» **What is expected**
Please repeat only the lines below starting at the line that holds "Le choix de" and ending at the line that holds "गर्भावस्थादेखि ८ वर्षसम्मको", exactly, with both of those lines included and every picture omitted.

» **Data listing**
>>>
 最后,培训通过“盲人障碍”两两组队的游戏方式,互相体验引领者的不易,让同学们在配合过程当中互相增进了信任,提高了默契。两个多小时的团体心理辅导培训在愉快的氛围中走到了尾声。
<<<
>>>
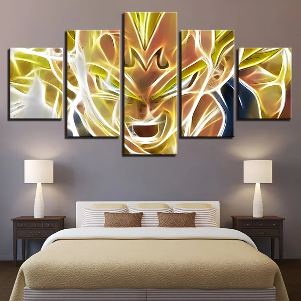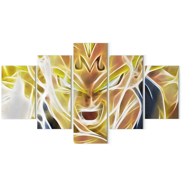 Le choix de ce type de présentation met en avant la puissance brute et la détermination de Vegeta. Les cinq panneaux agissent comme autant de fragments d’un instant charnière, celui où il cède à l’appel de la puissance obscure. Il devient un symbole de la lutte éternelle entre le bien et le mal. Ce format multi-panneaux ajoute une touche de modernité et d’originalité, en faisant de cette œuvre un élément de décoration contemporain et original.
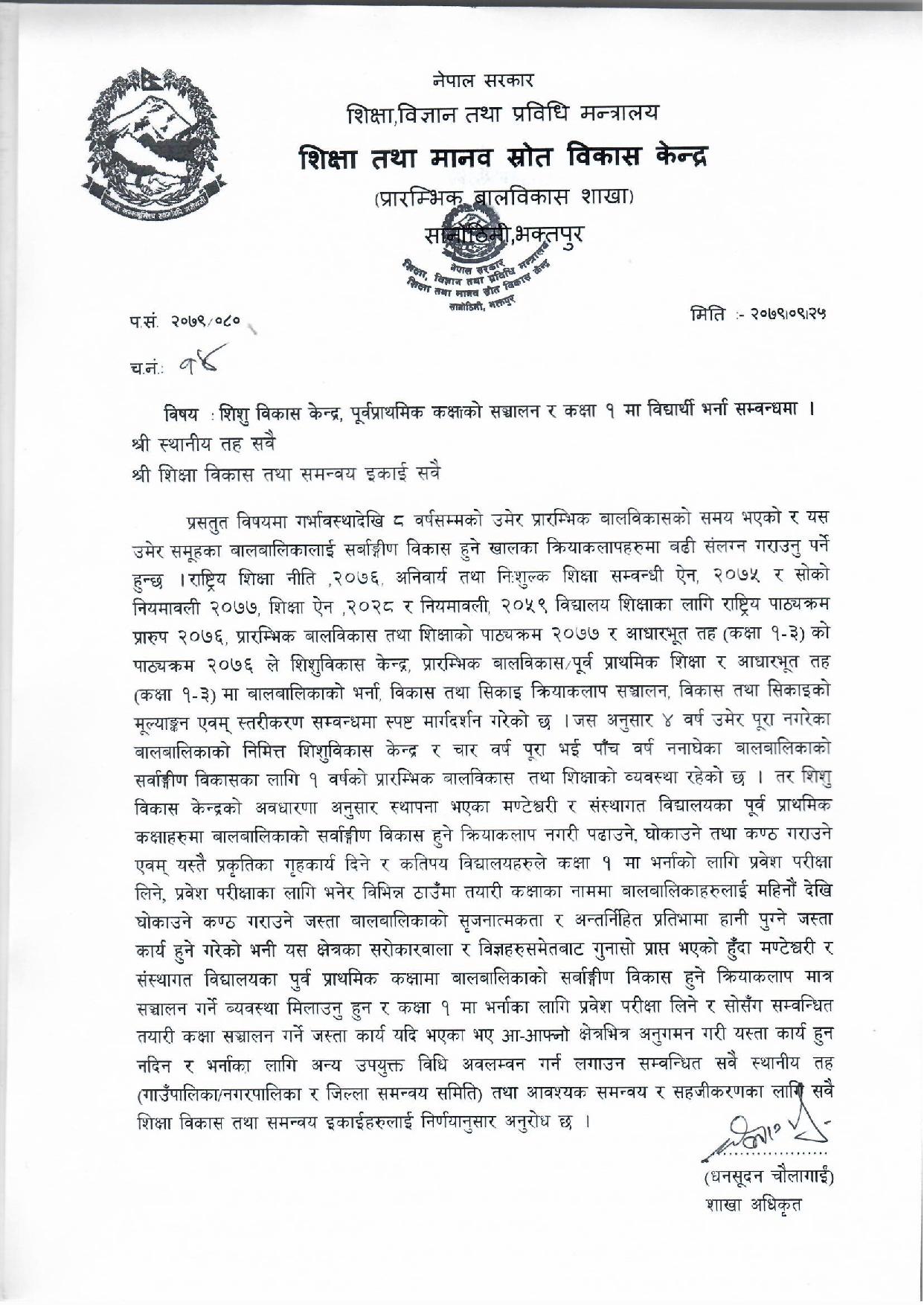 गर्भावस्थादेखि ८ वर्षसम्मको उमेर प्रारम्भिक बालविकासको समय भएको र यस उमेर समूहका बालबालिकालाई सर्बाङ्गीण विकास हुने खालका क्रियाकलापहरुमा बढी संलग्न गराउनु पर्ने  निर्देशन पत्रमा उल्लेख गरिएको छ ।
<<<
» **Result of this task**
 Le choix de ce type de présentation met en avant la puissance brute et la détermination de Vegeta. Les cinq panneaux agissent comme autant de fragments d’un instant charnière, celui où il cède à l’appel de la puissance obscure. Il devient un symbole de la lutte éternelle entre le bien et le mal. Ce format multi-panneaux ajoute une touche de modernité et d’originalité, en faisant de cette œuvre un élément de décoration contemporain et original.
 गर्भावस्थादेखि ८ वर्षसम्मको उमेर प्रारम्भिक बालविकासको समय भएको र यस उमेर समूहका बालबालिकालाई सर्बाङ्गीण विकास हुने खालका क्रियाकलापहरुमा बढी संलग्न गराउनु पर्ने  निर्देशन पत्रमा उल्लेख गरिएको छ ।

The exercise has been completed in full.